— Dataset section —
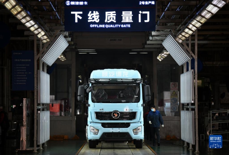 1月20日,工作人員在陜西汽車控股集團(tuán)有限公司總裝車間驗(yàn)收一輛裝配完畢的重型卡車。新華社記者 李一博 攝
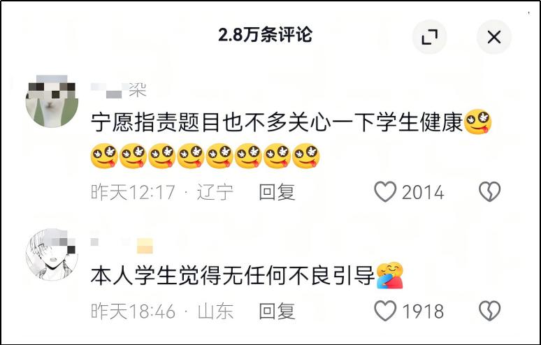 结果很多网友不买账,讽刺宁愿管题目,也不多关心孩子心理健康。
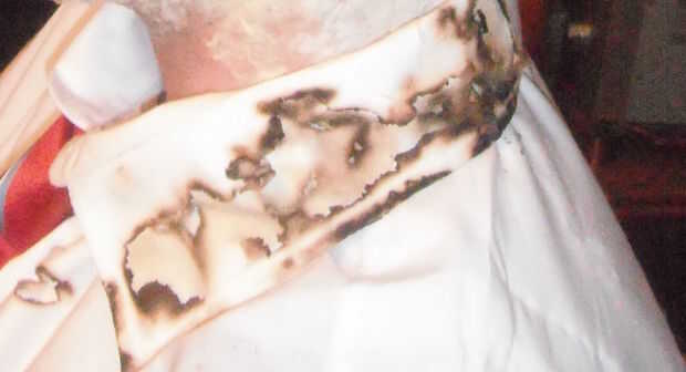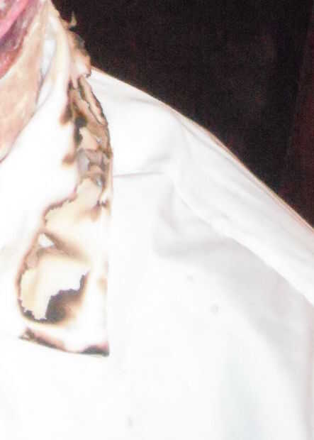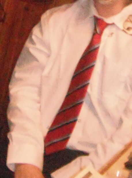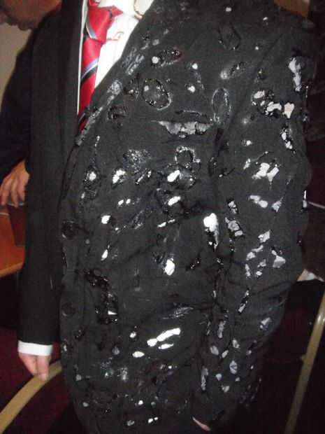 En primer lugar tomar una camisa y quemar el cuello en el lado izquierdo con un encendedor o cualquier medio (utilicé una olla pero tenga cuidado) Luego quemar el lado izquierdo de una chaqueta de traje con el mismo método como la camisa, no olvide grabar la parte de atrás para emparejar. Encontrar una corbata convenientemente coloreada (minas de primark)

— Requirement —
Nothing but the lines from the one containing "结果很多网友不买账,讽刺宁愿管题目,也不多关心孩子心理健康。" through the last line of the material may appear in the answer, transcribed exactly and with no pictures.

— Task solution —
 结果很多网友不买账,讽刺宁愿管题目,也不多关心孩子心理健康。
 En primer lugar tomar una camisa y quemar el cuello en el lado izquierdo con un encendedor o cualquier medio (utilicé una olla pero tenga cuidado) Luego quemar el lado izquierdo de una chaqueta de traje con el mismo método como la camisa, no olvide grabar la parte de atrás para emparejar. Encontrar una corbata convenientemente coloreada (minas de primark)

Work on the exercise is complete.